Он рылся в черных форумах, где анонимы делились ритуалами из кривых переводов «Некрономикона». Покупал на AliExpress «древние» амулеты, светящиеся в темноте. Но однажды, в паблике «Тени забытых богов», он наткнулся на скриншот из книги XVIII века: «Бафомет – не демон. Он тот, кто ждет за зеркалом, чье имя – трещина в льду реальности».

Алексей выкупил у какого-то поляка в Даркнете фотографии страниц, вырванных из гримуара тамплиерского капеллана. Там, между описаниями пыток и схемами пентаграмм, была карта. Современная Европа, наложенная на средневековые контуры, с отметкой в Пиренеях – Семиречье.

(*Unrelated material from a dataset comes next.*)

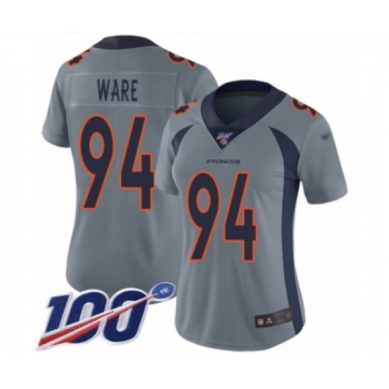 Women's Denver Broncos #94 DeMarcus Ware Limited Silver Inverted Legend 100th Season Football Jersey

Он продал ноутбук, украл у матери последние пять тысяч и полетел в Барселону. Оттуда – на попутках, с рюкзаком, полным энергетиков и фанатизма, в горы. Местные в деревушках крестились, когда он показывал им распечатанную карту. «Там нет дорог. Там есть только… эхо», – сказал старик с лицом, как смятая папироса, и закрыл дверь.

Алексей шел три дня. Ноги стерты в кровь, губы потрескались от ветра, но он видел их – семь ручьев, черных, как нефть. Вода блестела под луной, словно покрытая пленкой насекомых. Он шел вдоль течения, пока не нашел пещеру. Вход был завален камнями, но, когда Алексей прикоснулся к ним, из трещин выползли черви – белые, слепые, толщиной с палец. Они сплелись в узор, похожий на стрелку.

Внутри пещеры воздух гудел, как трансформатор. Фонарик выхватывал из тьмы стены, покрытые граффити – но это были не современные надписи, а те же руны, что в тамплиерском манускрипте. И в центре – барельеф. Покрытый плесенью, изъеденный временем, но… живой. Алексей почувствовал, как по спине побежали мурашки, словно кто-то провел по коже языком.

Он достал нож (кухонный, тупой, купленный в супермаркете) и, дрожа, надрезал ладонь. Кровь капала на камень, и плесень зашевелилась, впитывая ее.

– Я.… я пришел заключить сделку, – голос Алексея сломался. – Дай мне силу. Дай власть. Я готов на все.

Камень застонал. Не грохотом, а стоном, каким стонут во сне, когда снится падение. Плесень поползла вверх по стенам, образуя узоры – глаза, рога, крылья. Воздух заполнил запах гниющего мяса и озона.

– Ты… не готов… – прошелестело из ниоткуда и сразу везде.

– Я готов! – закричал Алексей. – Я сделаю что угодно! Убью, умру, продам душу…

Камень рассмеялся. Звук напоминал скрежет костей по стеклу.

– Душу? – голос приблизился, став теплым, женственным, почти соблазнительным. – Твоя душа – гнилой орех. Но тело… тело может стать сосудом.

Алексей хотел спросить «что?», но его горло сжалось. Из барельефа вырвалась черная струя – не дым, не жидкость, а что-то среднее. Она влилась ему в рот, нос, уши. Он упал, дергаясь, как кукла на токе. Кожа пузырилась, рога пробивали череп, копыта ломали кости стоп.

Когда он встал, это был уже не Алексей. Глаза горели, как прожекторы в тумане, а из горла вырывался хрип – смесь человеческой речи и блеяния козла.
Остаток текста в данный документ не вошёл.